Provided records.
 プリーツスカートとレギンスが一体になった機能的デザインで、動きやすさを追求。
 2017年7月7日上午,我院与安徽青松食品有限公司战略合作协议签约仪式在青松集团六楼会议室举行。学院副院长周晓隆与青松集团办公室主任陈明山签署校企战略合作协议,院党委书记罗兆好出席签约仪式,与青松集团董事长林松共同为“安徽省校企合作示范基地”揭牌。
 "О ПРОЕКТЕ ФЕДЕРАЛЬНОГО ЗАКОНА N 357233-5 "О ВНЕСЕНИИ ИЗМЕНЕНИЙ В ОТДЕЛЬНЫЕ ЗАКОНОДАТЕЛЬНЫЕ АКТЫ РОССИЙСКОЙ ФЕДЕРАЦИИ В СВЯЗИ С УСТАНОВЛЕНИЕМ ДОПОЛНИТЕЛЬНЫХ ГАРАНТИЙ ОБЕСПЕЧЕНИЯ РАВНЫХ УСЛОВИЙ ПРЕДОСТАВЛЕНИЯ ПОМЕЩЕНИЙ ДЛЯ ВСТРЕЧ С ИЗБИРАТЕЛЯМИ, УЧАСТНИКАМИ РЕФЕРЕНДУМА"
...
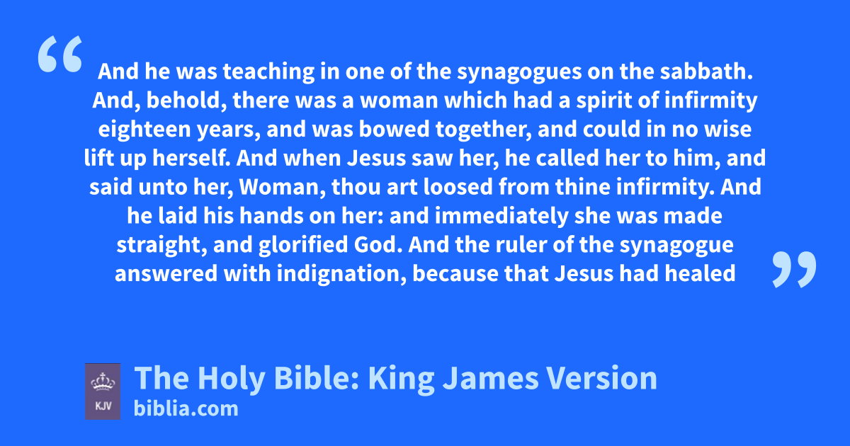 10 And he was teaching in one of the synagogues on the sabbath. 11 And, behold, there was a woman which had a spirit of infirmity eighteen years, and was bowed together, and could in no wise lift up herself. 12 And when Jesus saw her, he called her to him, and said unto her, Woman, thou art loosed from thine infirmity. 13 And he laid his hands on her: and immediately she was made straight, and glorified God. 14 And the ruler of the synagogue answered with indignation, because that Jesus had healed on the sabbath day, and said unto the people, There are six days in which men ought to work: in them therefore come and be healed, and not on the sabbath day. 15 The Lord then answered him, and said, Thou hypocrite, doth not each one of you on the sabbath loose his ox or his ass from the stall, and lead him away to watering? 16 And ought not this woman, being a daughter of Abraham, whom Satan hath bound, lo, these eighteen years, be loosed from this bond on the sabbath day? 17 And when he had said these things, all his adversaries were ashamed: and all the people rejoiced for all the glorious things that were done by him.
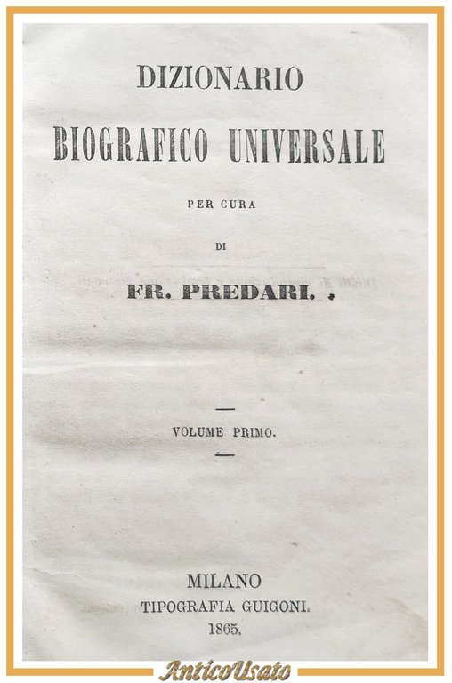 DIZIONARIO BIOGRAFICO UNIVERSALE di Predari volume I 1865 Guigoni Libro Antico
---
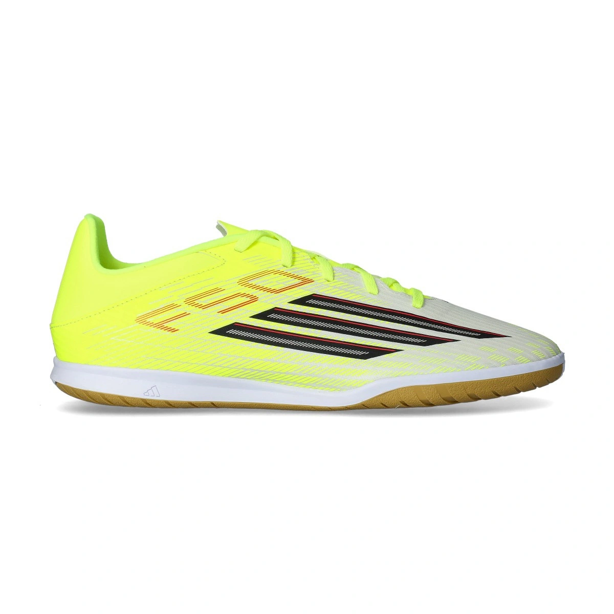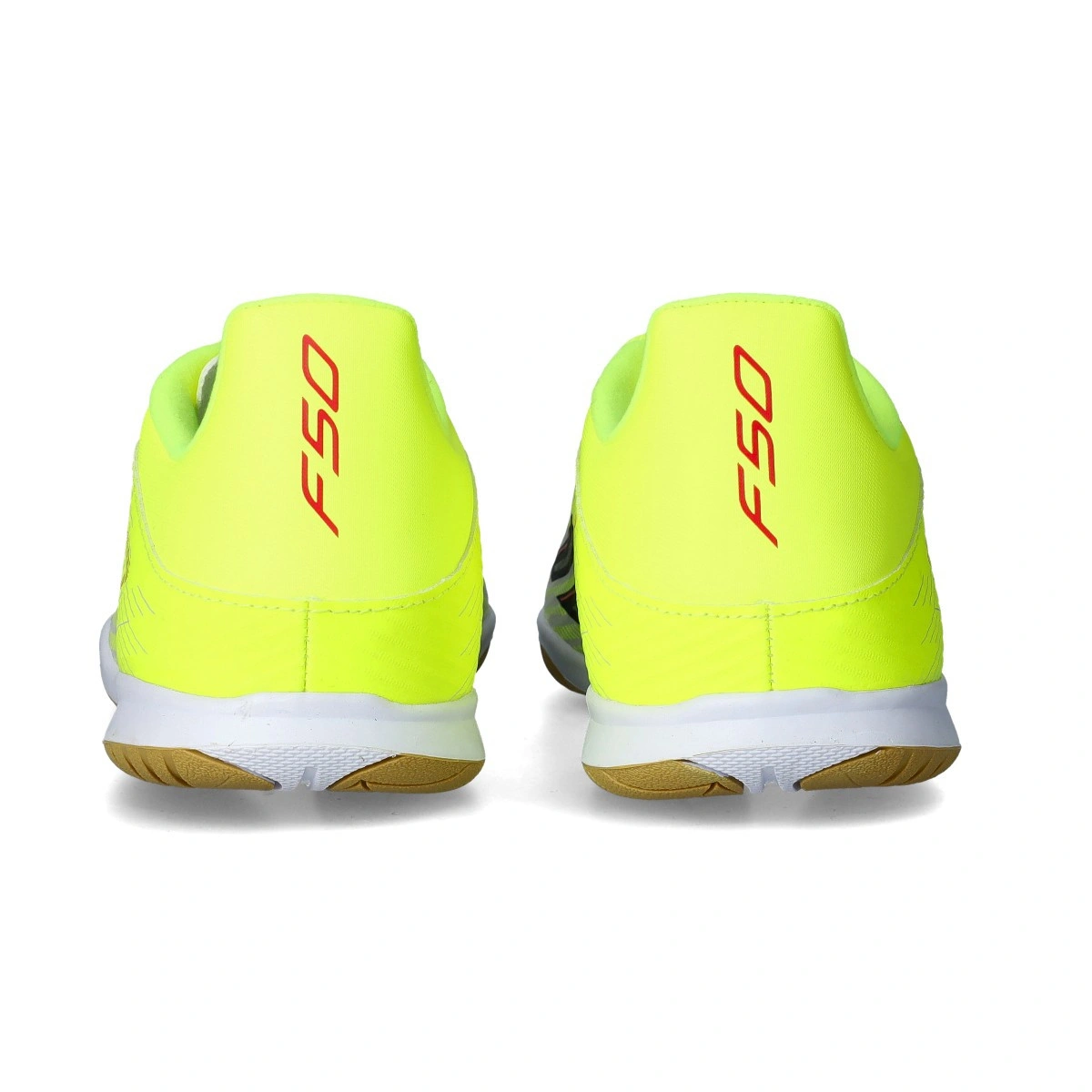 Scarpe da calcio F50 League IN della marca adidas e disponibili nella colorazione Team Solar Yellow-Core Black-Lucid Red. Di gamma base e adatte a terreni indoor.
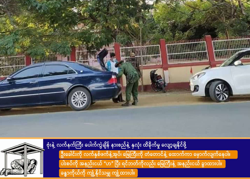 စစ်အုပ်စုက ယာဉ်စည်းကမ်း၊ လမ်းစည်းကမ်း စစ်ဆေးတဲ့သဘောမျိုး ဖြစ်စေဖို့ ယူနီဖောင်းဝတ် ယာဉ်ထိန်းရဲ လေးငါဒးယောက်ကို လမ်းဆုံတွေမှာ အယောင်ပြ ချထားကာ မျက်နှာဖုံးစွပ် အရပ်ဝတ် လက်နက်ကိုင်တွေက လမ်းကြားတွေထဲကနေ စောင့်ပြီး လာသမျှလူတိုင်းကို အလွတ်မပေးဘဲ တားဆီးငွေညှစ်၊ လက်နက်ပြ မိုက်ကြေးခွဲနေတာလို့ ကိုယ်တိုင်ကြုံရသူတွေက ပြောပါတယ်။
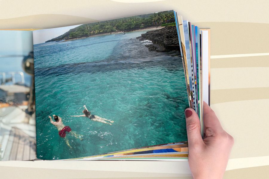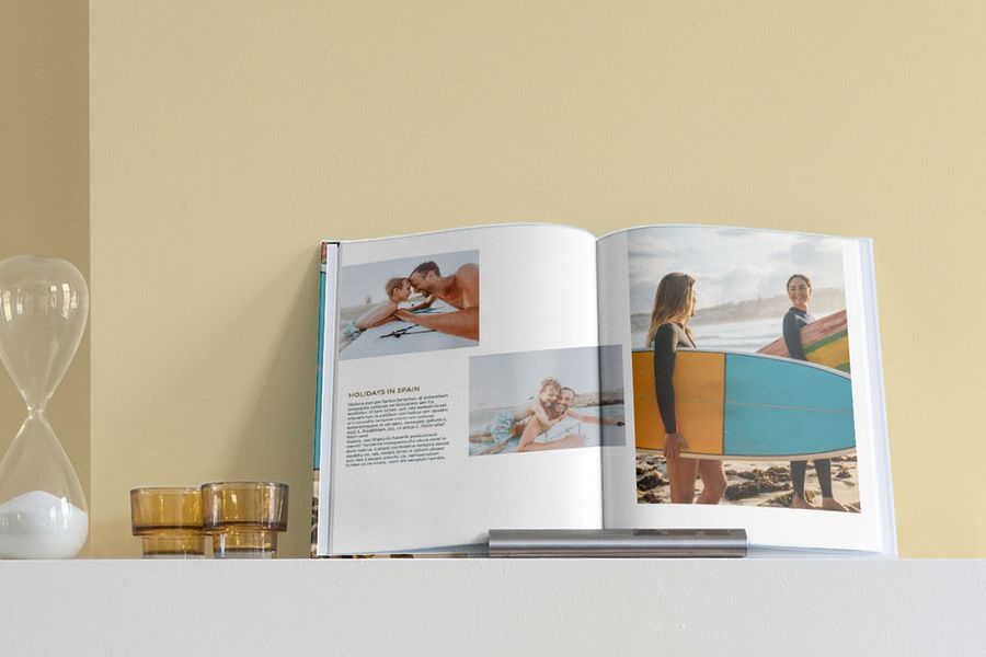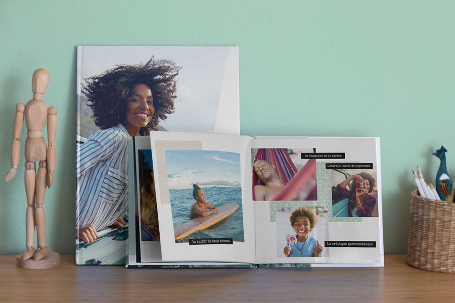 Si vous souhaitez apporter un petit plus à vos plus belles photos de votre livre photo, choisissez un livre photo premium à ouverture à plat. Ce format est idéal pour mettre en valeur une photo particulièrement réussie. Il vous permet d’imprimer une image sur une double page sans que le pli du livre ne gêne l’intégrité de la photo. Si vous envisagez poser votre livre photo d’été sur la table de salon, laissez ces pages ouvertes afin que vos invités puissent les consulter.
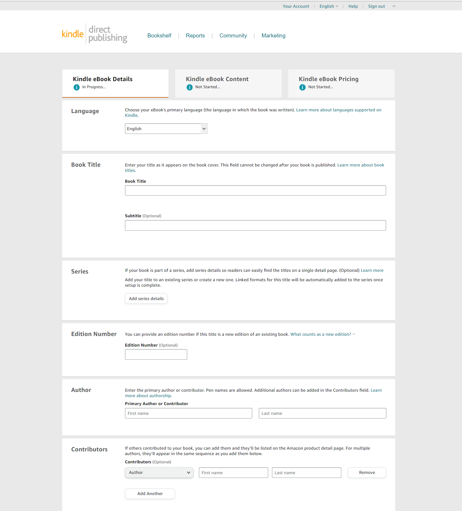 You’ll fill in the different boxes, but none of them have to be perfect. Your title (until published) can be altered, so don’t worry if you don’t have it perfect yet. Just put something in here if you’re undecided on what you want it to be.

Assignment.
Scan the lines above for "プリーツスカートとレギンスが一体になった機能的デザインで、動きやすさを追求。" and for "ПРОЕКТЕ ФЕДЕРАЛЬНОГО ЗАКОНА". Repeat exactly the line holding each of them and every line in between.

Final answer.
 プリーツスカートとレギンスが一体になった機能的デザインで、動きやすさを追求。
 2017年7月7日上午,我院与安徽青松食品有限公司战略合作协议签约仪式在青松集团六楼会议室举行。学院副院长周晓隆与青松集团办公室主任陈明山签署校企战略合作协议,院党委书记罗兆好出席签约仪式,与青松集团董事长林松共同为“安徽省校企合作示范基地”揭牌。
 "О ПРОЕКТЕ ФЕДЕРАЛЬНОГО ЗАКОНА N 357233-5 "О ВНЕСЕНИИ ИЗМЕНЕНИЙ В ОТДЕЛЬНЫЕ ЗАКОНОДАТЕЛЬНЫЕ АКТЫ РОССИЙСКОЙ ФЕДЕРАЦИИ В СВЯЗИ С УСТАНОВЛЕНИЕМ ДОПОЛНИТЕЛЬНЫХ ГАРАНТИЙ ОБЕСПЕЧЕНИЯ РАВНЫХ УСЛОВИЙ ПРЕДОСТАВЛЕНИЯ ПОМЕЩЕНИЙ ДЛЯ ВСТРЕЧ С ИЗБИРАТЕЛЯМИ, УЧАСТНИКАМИ РЕФЕРЕНДУМА"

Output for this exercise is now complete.